Pascal, Pensamentos
Examinemos, pois, esse ponto, e digamos: Deus é, ou não é. Mas, para
que lado penderemos? A razão nada pode determinar ai. Há um caos
infinito que nos separa. Na extremidade dessa distância infinita,
joga-se cara ou coroa. Que apostareis? Pela razão, não podeis fazer nem
uma nem outra coisa; pela razão, não podeis defender nem uma nem outra
coisa.
Não acuseis, pois, de falsidade os que fizeram uma escolha, pois
nada sabeis disso. "Não: mas, eu os acusarei de terem feito, não essa
escolha, mas uma escolha; porque, embora o que prefere coroa e o outro
estejam igualmente em falta, ambos estão em falta: o justo é não
apostar".
Sim, mas é preciso apostar: isso não é voluntário; sois obrigados
a isso; (e apostar que Deus é, é apostar que ele não é). Que tomareis,
pois? Vejamos, já que é preciso escolher, vejamos o que menos vos
interessa: tendes duas coisas que perder, o verdadeiro e o bem, e duas
coisas que empenhar, vossa razão e vossa vontade, vosso conhecimento e
vossa beatitude; e vossa natureza tem duas coisas que evitar, o erro e a
miséria. Vossa razão não é mais atingida, desde que é preciso
necessariamente escolher, escolhendo um dentre os dois. Eis um ponto
liquidado; mas, vossa beatitude?
Pesemos o ganho e a perda, preferindo coroa, que é Deus.
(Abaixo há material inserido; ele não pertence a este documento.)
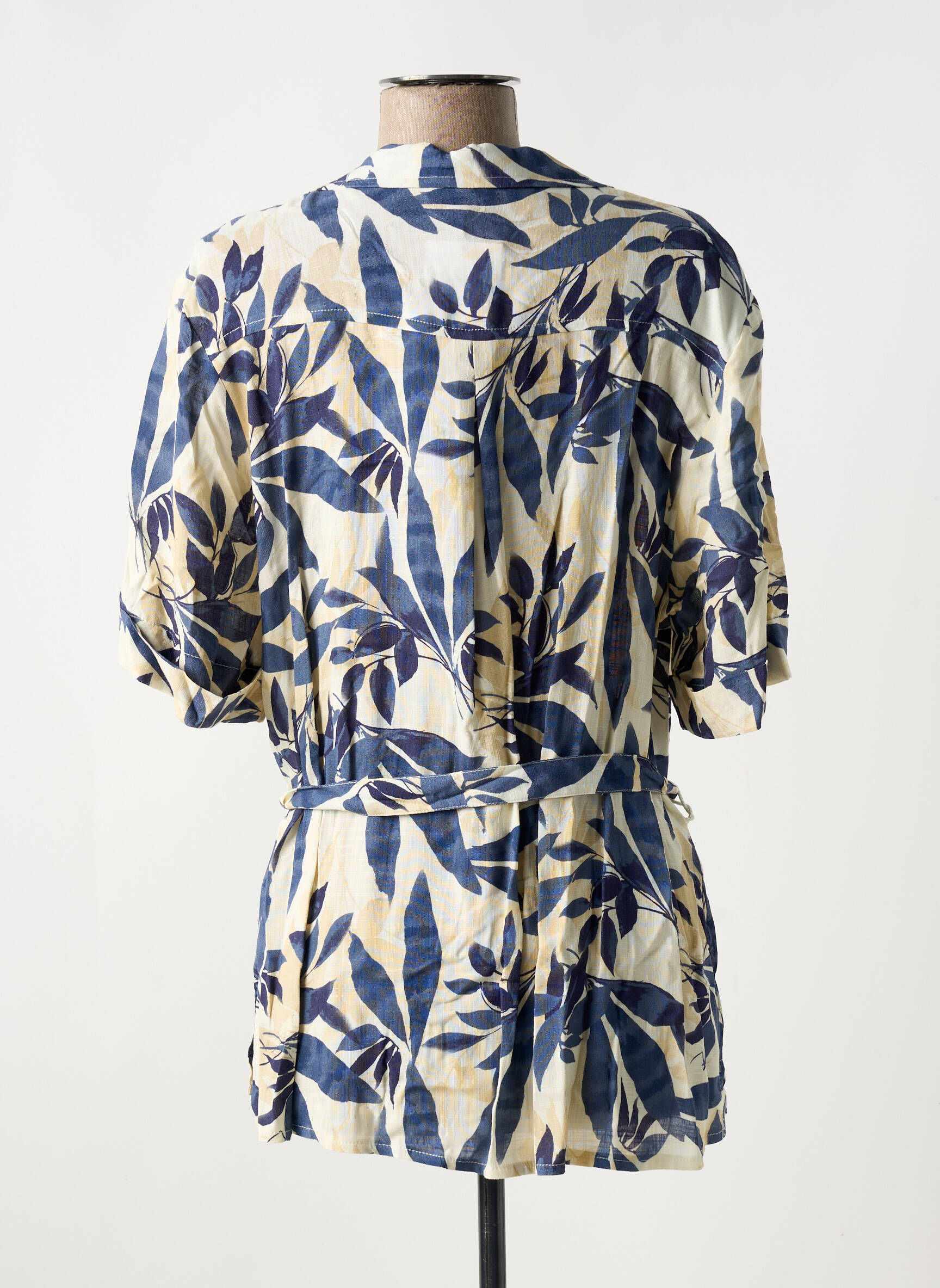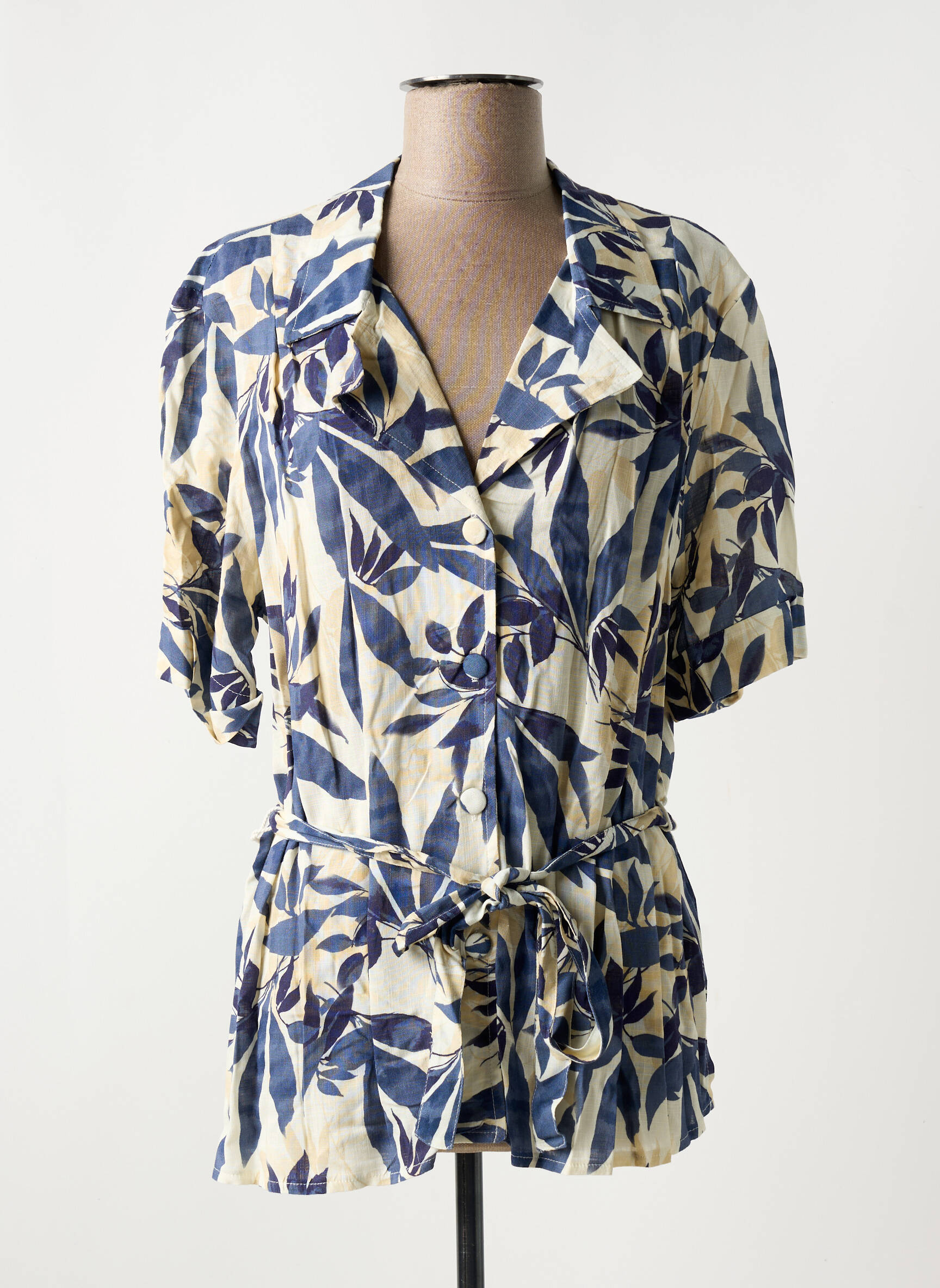 Voici une superbe tunique à manches courtes GRIFFON pour femme, idéale pour celles qui souhaitent se faire plaisir à petit prix. Avec son imprimé feuillage bleu sur fond clair, elle apporte une touche de fraîcheur à votre dressing tout en restant tendance et facile à porter au quotidien. Sa coupe légèrement ajustée, soulignée par une ceinture à la taille, sublime la silhouette avec élégance et décontraction. Un bon plan à saisir pour un look raffiné sans se ruiner !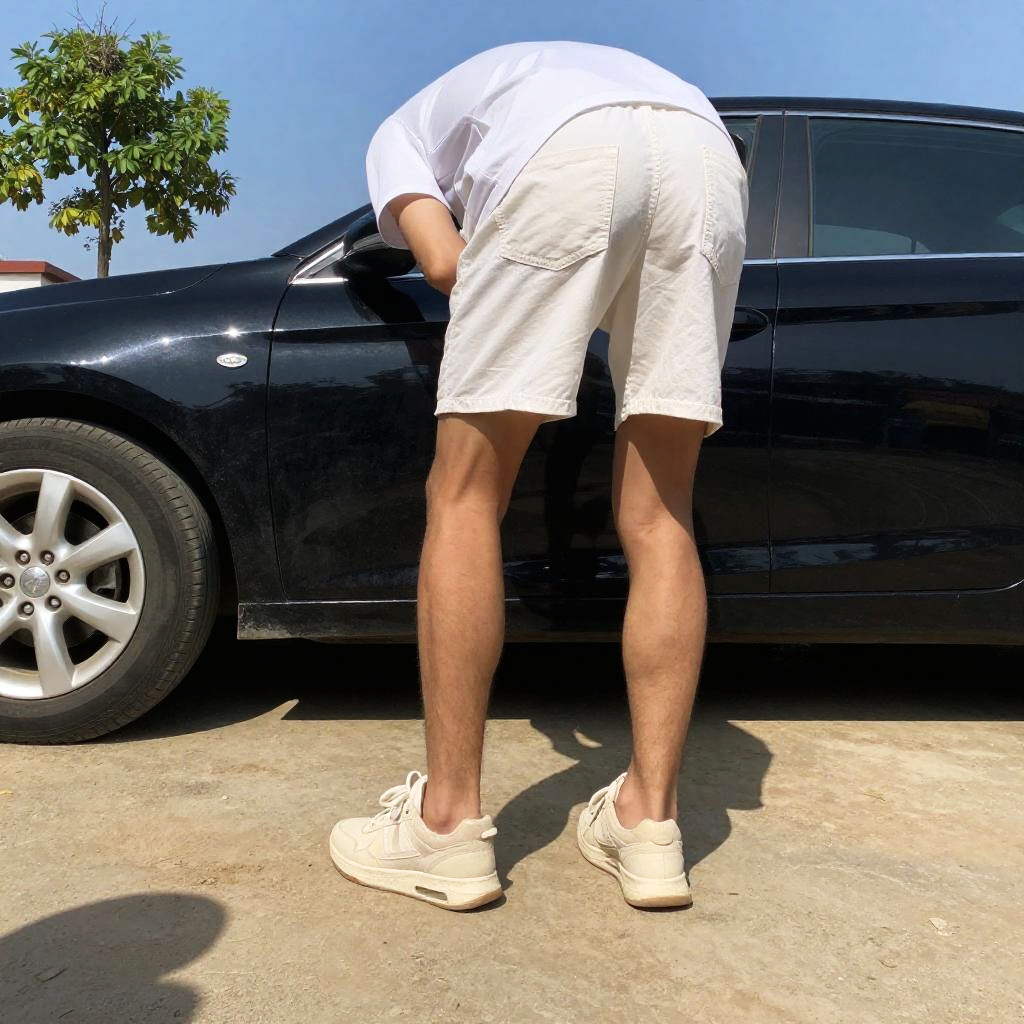 Photograph of a person bending over in front of a black car, taken from a low angle. The person is wearing a white shirt, white shorts, and beige sneakers. Their legs are prominent, casting long shadows on the dusty, sunlit ground. A tree and clear blue sky are in the background. The image has a slightly exaggerated, almost cartoonish style.
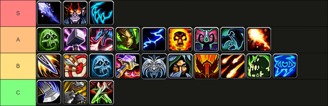 A-Tier specs are very strong raid choices that top the meters, but fall slightly behind the S-Tier specs.

Estimemos as duas hipóteses: se ganhardes, ganhareis tudo; se perderdes,
nada perdereis. Apostai, pois, que ele é, sem hesitar. Isso é
admirável: sim, é preciso apostar, mas, talvez eu aposte demais.
Vejamos. Uma vez que é tal a incerteza do ganho e da perda, se só
tivésseis que apostar duas vidas por uma, ainda poderíeis apostar. Mas,
se devessem ser ganhas três, seria preciso jogar (desde que tendes
necessidade de jogar) e seríeis imprudente quando, forçado a jogar, não
arriscásseis vossa vida para ganhar três num jogo em que é tamanha a
incerteza da perda e do ganho. Há, porém, uma eternidade de vida e de
felicidade; e, assim sendo, quando houvesse uma infinidade de
probabilidades, das quais somente uma fosse por vós, ainda teríeis razão
em apostar um para ter dois, e agiríeis mal, quando obrigado a jogar,
se recusásseis jogar uma vida contra três num jogo em que, numa
infinidade de probabilidades, há uma por vós, havendo uma infinidade de
vida infinitamente feliz que ganhar. Mas, há aqui uma infinidade de vida
infinitamente feliz que ganhar, uma probabilidade de ganho contra uma
porção finita de probabilidades de perda, e o que jogais é finito. Jogo é
jogo: sempre onde há o infinito e onde não há infinidade de
probabilidades de perda contra a de ganho, não há que hesitar, é preciso
dar tudo; e, assim, quando se é forçado a jogar, é preciso renunciar à
razão, para conservar a vida e não arriscá-la pelo ganho infinito tão
prestes a chegar quanto a perda do nada.